Notably, in addition to the well-replicated signal for COVID-19 severity in the 3p21.31 locus, other independent signals more strongly associated with susceptibility to SARS-CoV-2 infection in the same region have been identified as sample sizes for COVID-19 GWAS have grown [21]. The two candidate genes based on our integrative analysis, SLC6A20 and CXCR6, have been prioritized for reported infection and more severe outcomes of SARS-CoV-2 infection, respectively [5]. Corroborating evidence from entirely independent approaches pinpointing SLC6A20 and CXCR6 presented here, together with additional evidence from other studies, warrants further research into exploring the virological or mechanistic mode of action of these two genes in understanding their role in COVID-19 susceptibility and severity.

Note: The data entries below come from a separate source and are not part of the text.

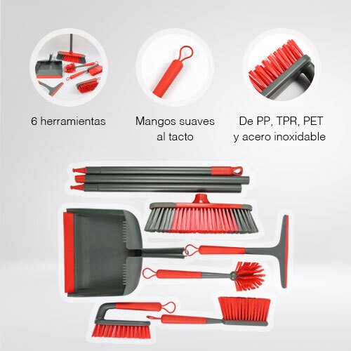 Kit completo para un hogar impecable. Incluye escoba de 126cm, cepillo para platos, recogedor, cepillo para tallar y enjuagador. Calidad profesional para menos esfuerzo.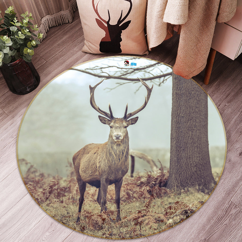 3D Animal Elk 7573 Assaf Frank Rug Round Non Slip Rug Mat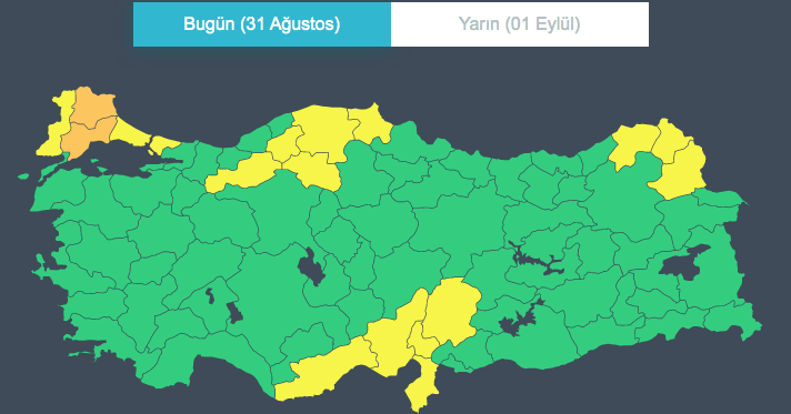 Sarı kodla uyarılan iller: Adana, Ardahan, Artvin, Bolu, Çankırı, Edirne, Hatay, Mersin, İstanbul, Kars, Kastamonu, Kahramanmaraş, Karabük, Sinop ve Osmaniye.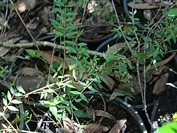 Backhousia oligantha is a rare species of plant in the family Myrtaceae. Mostly found in south eastern Queensland. The small tree has an unusual growth habit, with colonies of many prostrate shoots and many stems from one genotype. At the type location, there are 100 to 200 stems in six clumps, possibly with only six unique individuals. The epithet oligantha is derived from the Greek language, meaning 'few flowers'.[1][2]

In this work, our genome-wide analysis suggested that genes required for SARS-CoV-2 infection in vitro also contribute to COVID-19 susceptibility in humans. By integrating the results of CRISPR screen and cis-eQTLs, we have identified SLC6A20 and CXCR6 as potential protein-coding genes in the 3p21.31 locus through which noncoding variants associated with COVID-19 risk in human patients may function. This integrative approach should prove useful for other human diseases and pathogens to bridge the divide between correlational and causal studies of human biology.

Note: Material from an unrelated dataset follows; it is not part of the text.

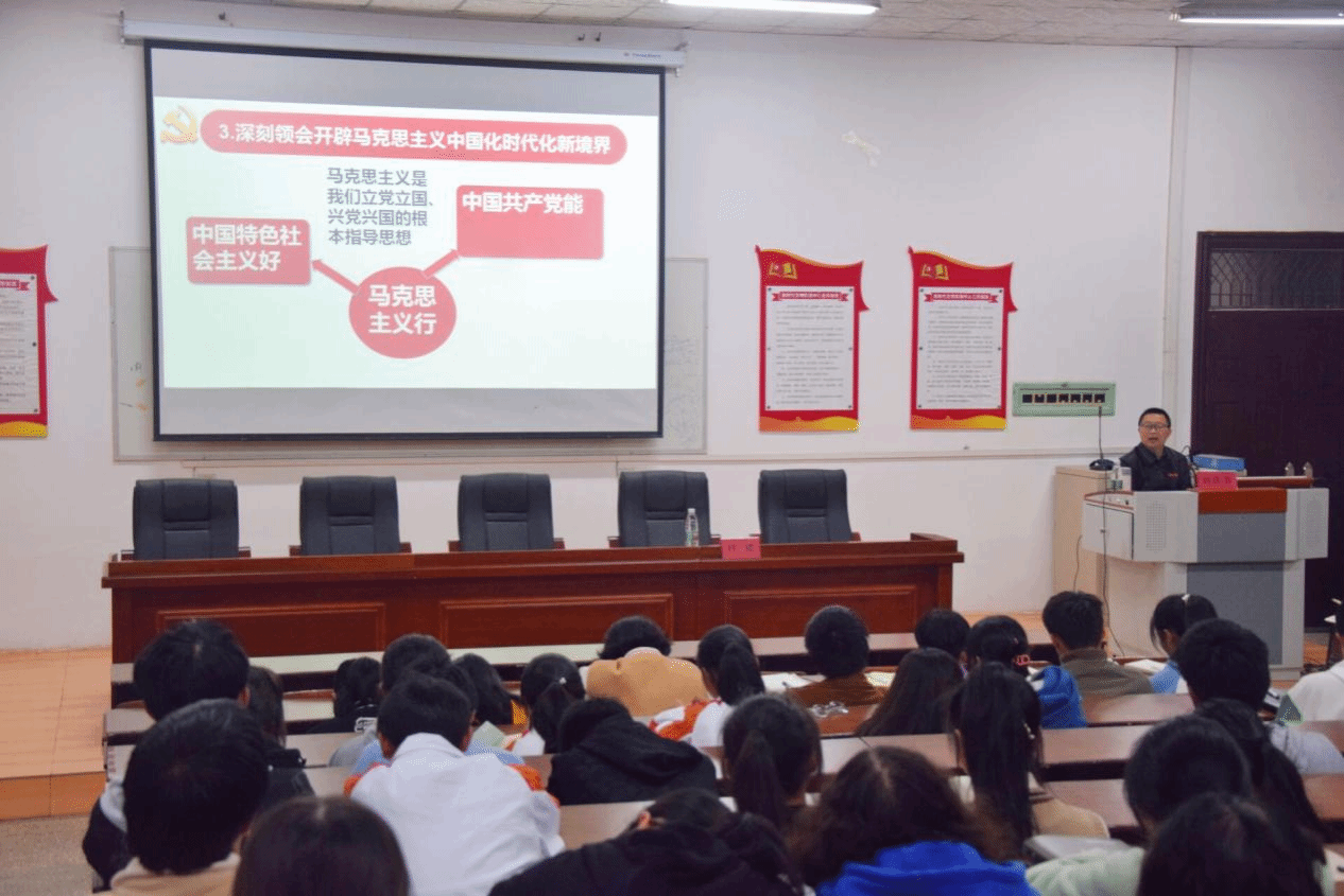 为深入学习宣传贯彻党的二十大精神,更好地推动党的二十大精神进校园、进班级、进课堂,同时扎实开展好新生入学教育、为新生上好专题党课,2022年11月4日晚上7点,WilliamHill官网于一教惟义楼党校教室举办党的二十大精神宣讲报告会,报告会由学院党委书记刘庆言主讲。学院党委副书记叶健、辅导员及182名新生参加报告会。

Genome-wide CRISPR screen and guide RNA analysis

Details regarding the SARS-CoV-2 CRISPR screen in A549 human lung epithelial cells that over-express ACE2 (A549ACE2) have been described before [8]. Briefly, human GeCKOv2 A and B libraries (Addgene, 1000000048) were used for the genome-wide CRISPR-Cas9 screen [22]. After transduction and selection for the GeCKOv2 library (maintaining ~ 1000-fold library representation), we infected 125 million A549ACE2 cells with SARS-CoV-2 virus (NIAID BEI isolate USA-WA1/2020) at two multiplicity of infections (MOIs): 0.01 (low MOI) and 0.3 (high MOI), which differ by the amount of virus used to infect the cells. Surviving cells were collected on day 6 post-infection, when genomic DNA was isolated, guide RNAs were recovered by PCR, and guide representation was determined by next-generation sequencing (Illumina).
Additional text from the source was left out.